Rappelons que les candidats sont libres de leurs références aux textes philosophiques.
Le jury est curieux de voir mobilisée l’argumentation ou la conceptualité de tel ou tel auteur.
Tout ce qu’il exige à cet égard, est que les références soient pertinentes (en rapport direct
avec le propos du candidat, à supposer que celui-ci soit pertinent relativement au sujet),
précises (elles consistent en la mention non pas de la doctrine de x ou y, mais de telle partie
de tel ouvrage de x ou y), et enfin exactes (elles s’appuient sur une connaissance de première
main de ce texte sans laquelle les approximations et les contresens sont inévitables). Il est
rassurant de constater que la marge de progression possible des candidats, sur ce point, est
gigantesque. Les auteurs les plus maltraités, cette année, ont été Hobbes, Locke, et Rousseau.

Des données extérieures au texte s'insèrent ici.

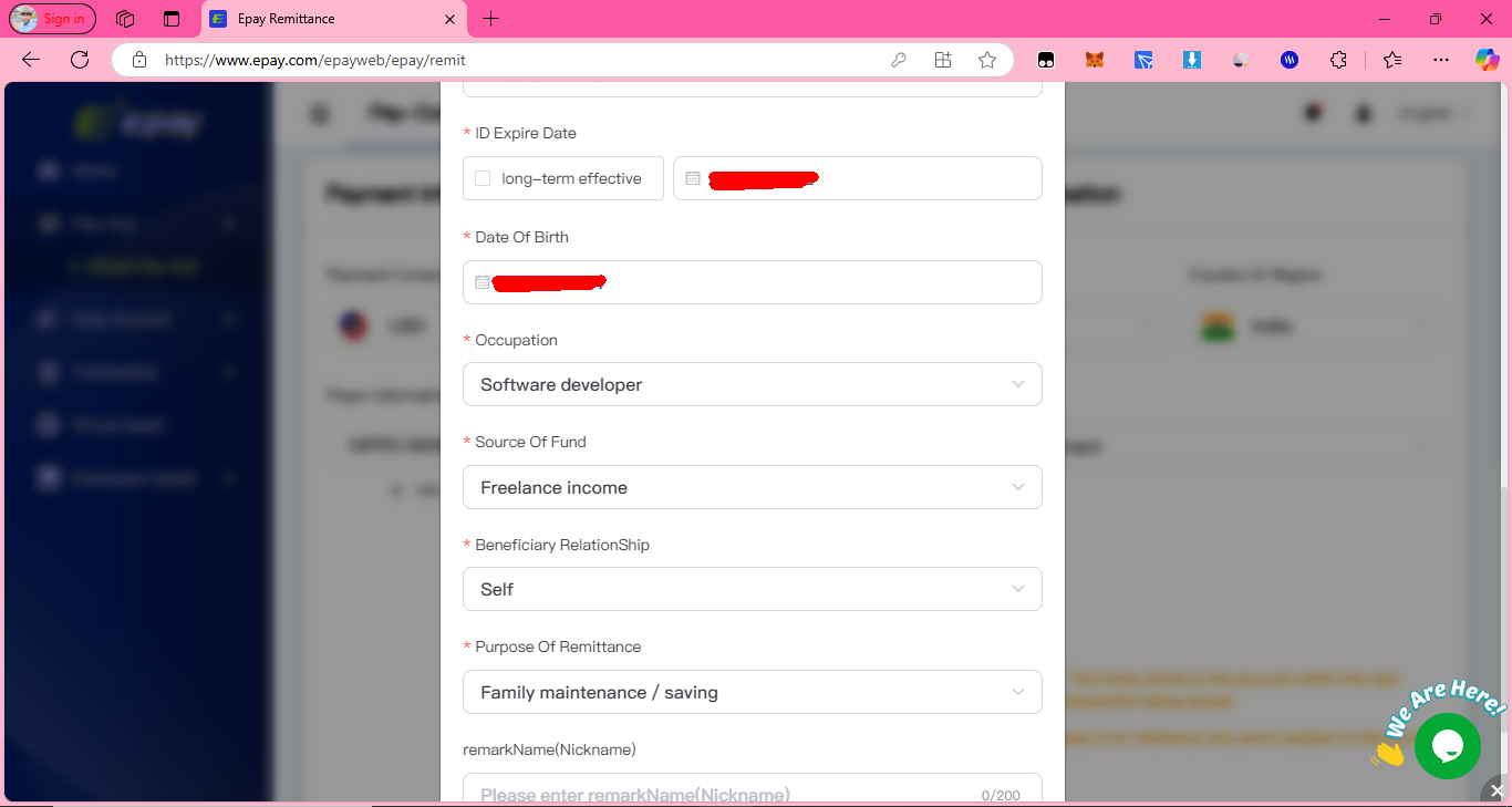 ➤এরপর আমি যেহেতু USD থেকে INR-এ পেমেন্টটি নেবো, তাই পেমেন্ট কারেন্সিতে ড্রপ ডাউন-এ ক্লিক করে USD সিলেক্ট করলাম। এরপর আপনাকে ওখানে Payer information দিতে হবে। তার জন্য নিচে "ADD" অপশনে ক্লিক করতে হবে। এরপর আপনার একাউন্ট ডিটেইলস দিতে হবে যেভাবে প্রথম থেকে দিতে বলবে। তবে সাধারণ কিছু ফিলাপ করার পরে ওখানে আপনাকে আইডি সিলেক্ট করতে বলবে এবং ওখানে পাসপোর্ট দেবেন। এরপর আপনার পাসপোর্ট এর যা যা চাইবে সেগুলো সঠিকভাবে দেখে ফিলাপ করতে হবে । এরপর আপনাকে "OCCUPATION" অপশনে "SOFTWARE DEVELOPER" সিলেক্ট করতে হবে। এরপর "SOURCE OF FUND" অপশনে "FREELANCE INCOME" সিলেক্ট করতে হবে। এরপর "BENEFICIARY RELATIONSHIP" অপশনে "SELF" সিলেক্ট করতে হবে। এরপর "PURPOSE OF REMITTANCE " অপশনে "FAMILY MAINTENANCE/SAVINGS" সিলেক্ট করতে হবে।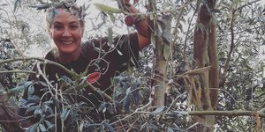 Γνωστή παρουσιάστρια ειδήσεων, στο δένδρο, μαζεύει ελιές [εικόνα]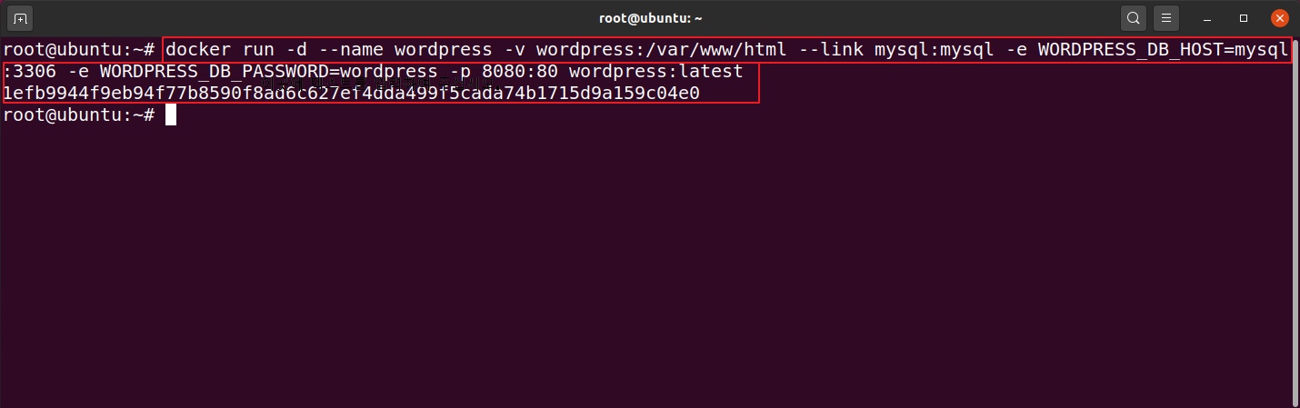 6. "docker run -d --name wordpress -v wordpress:/var/www/html --link mysql:mysql -e WORDPRESS_DB_HOST=mysql:3306 -e WORDPRESS_DB_PASSWORD=wordpress -p 8080:80 wordpress:latest"

La connaissance de quelques parties centrales des œuvres canoniques de ces auteurs si
souvent cités dans les copies pouvait constituer un atout précieux. Malheureusement, les
compétences d’une immense majorité de candidats en histoire de la philosophie relèvent de la
connaissance par ouï-dire. Par exemple, il n’est pas acceptable que des élèves qui prétendent
avoir travaillé sur quelques chapitres du Léviathan de Hobbes montrent leur ignorance
complète de la distinction entre droit (jus, right) et loi (lex, law), qui donne lieu au chapitre
14 de cet ouvrage à la distinction entre loi de nature et droit de nature. Qu’on ne se méprenne
pas : la connaissance de cette distinction n’était pas attendue par le jury dans l’absolu. Mais si
un candidat choisit d’argumenter à partir du Léviathan sur une telle question, il est supposé
être capable de restituer les distinctions les plus importantes qu’effectue cet auteur et qui sont
très utiles pour avancer dans la compréhension du sujet.
Toutes ces remarques n’ont qu’un seul but : encourager les candidats de la session
2013 à faire mieux encore que leurs camarades de 2012, en particulier en se préparant par une
fréquentation plus directe, plus attentive, bref plus personnelle, de quelques textes
philosophiques en rapport avec le domaine de l’écrit.